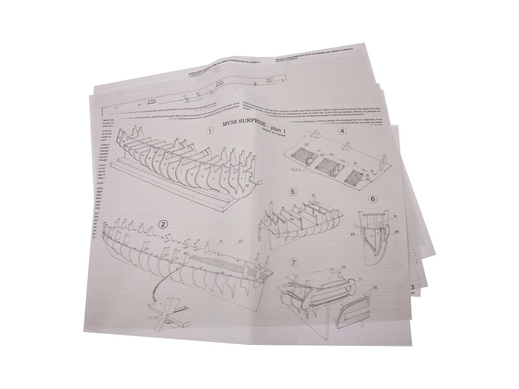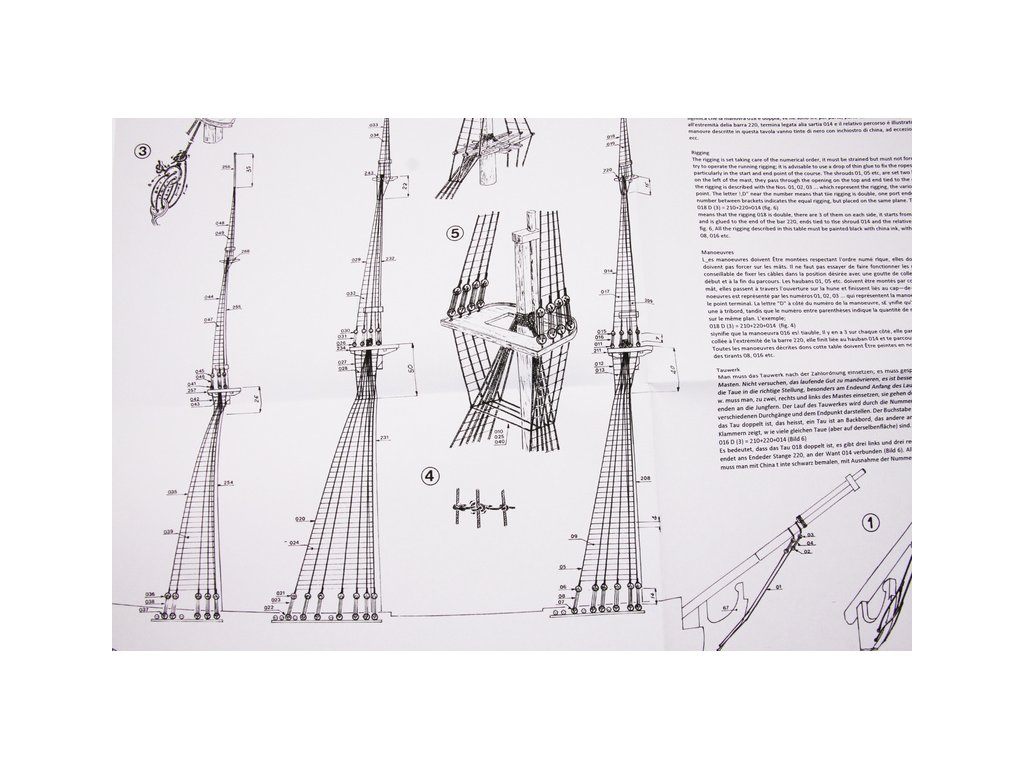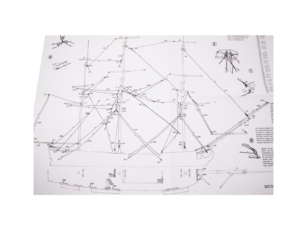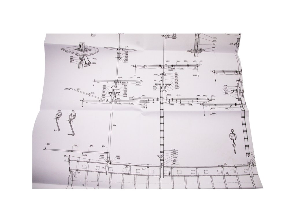 Set obsahuje kompletní sadu výkresové dokumentace modelu v měřítku 1:1 s obrázky jednotlivých detailů. Na výkrese jsou v měřítku nakresleny montážní sestavy, jejich kompletace a to včetně stěžňů a ráhen a způsob vázání lanoví. Vícejazyčný postup stavby rámcově upravuje logické sestavení jednotlivých komponentů.
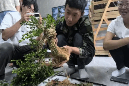 森宇盆景园林文浩热情介绍了园区的建设情况和发展规划,胡秀教授团队调研了罗汉松盆景产业的发展现状及发展前景,交流了罗汉松在品种选育、栽培技术等方面存在的问题。同时,现场观摩了雀舌黄杨的修剪造型工作,团队成员表示受益匪浅,认为这是一堂生动的盆景学课程,加深了对盆景艺术造型能力的理解。
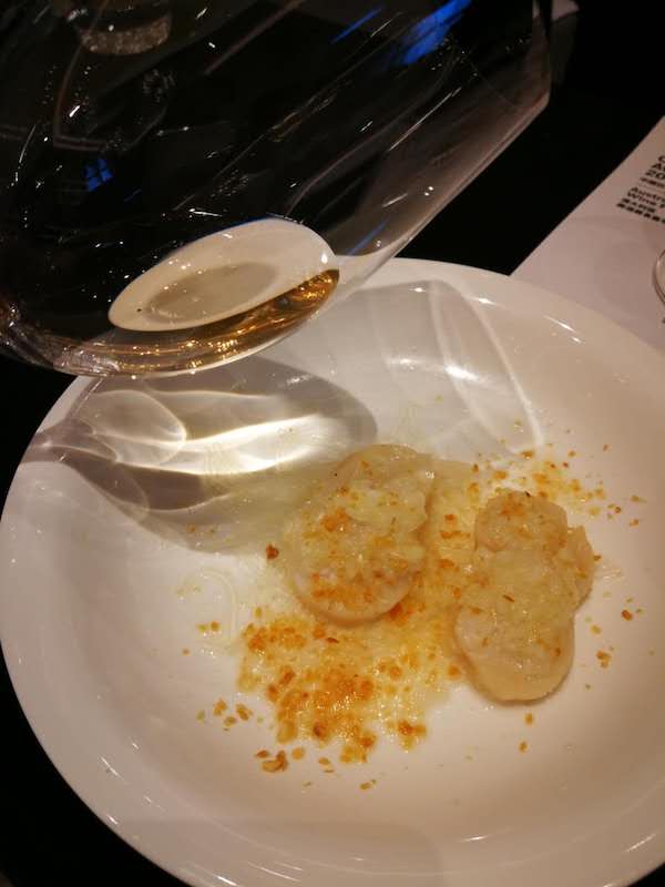 “粵菜本身不是辣咸濃的菜式,選酒的時候要特別注意,最好不要選擇會壓住菜肴本身的風(fēng)味的酒款,”趙鳳儀說。對于同一款菜肴,她給出的酒款推薦是來自獵人谷的賽美蓉,這支經(jīng)過一定時間陳年的酒款有著漂亮的礦物質(zhì)風(fēng)味,但也不失果味,與蒸帶子本身的海洋質(zhì)感形成了良好的呼應(yīng)。

+++

» What is being asked: Reproduce the material exactly; keep pictures out.

» Written solution:
 Set obsahuje kompletní sadu výkresové dokumentace modelu v měřítku 1:1 s obrázky jednotlivých detailů. Na výkrese jsou v měřítku nakresleny montážní sestavy, jejich kompletace a to včetně stěžňů a ráhen a způsob vázání lanoví. Vícejazyčný postup stavby rámcově upravuje logické sestavení jednotlivých komponentů.
 森宇盆景园林文浩热情介绍了园区的建设情况和发展规划,胡秀教授团队调研了罗汉松盆景产业的发展现状及发展前景,交流了罗汉松在品种选育、栽培技术等方面存在的问题。同时,现场观摩了雀舌黄杨的修剪造型工作,团队成员表示受益匪浅,认为这是一堂生动的盆景学课程,加深了对盆景艺术造型能力的理解。
 “粵菜本身不是辣咸濃的菜式,選酒的時候要特別注意,最好不要選擇會壓住菜肴本身的風(fēng)味的酒款,”趙鳳儀說。對于同一款菜肴,她給出的酒款推薦是來自獵人谷的賽美蓉,這支經(jīng)過一定時間陳年的酒款有著漂亮的礦物質(zhì)風(fēng)味,但也不失果味,與蒸帶子本身的海洋質(zhì)感形成了良好的呼應(yīng)。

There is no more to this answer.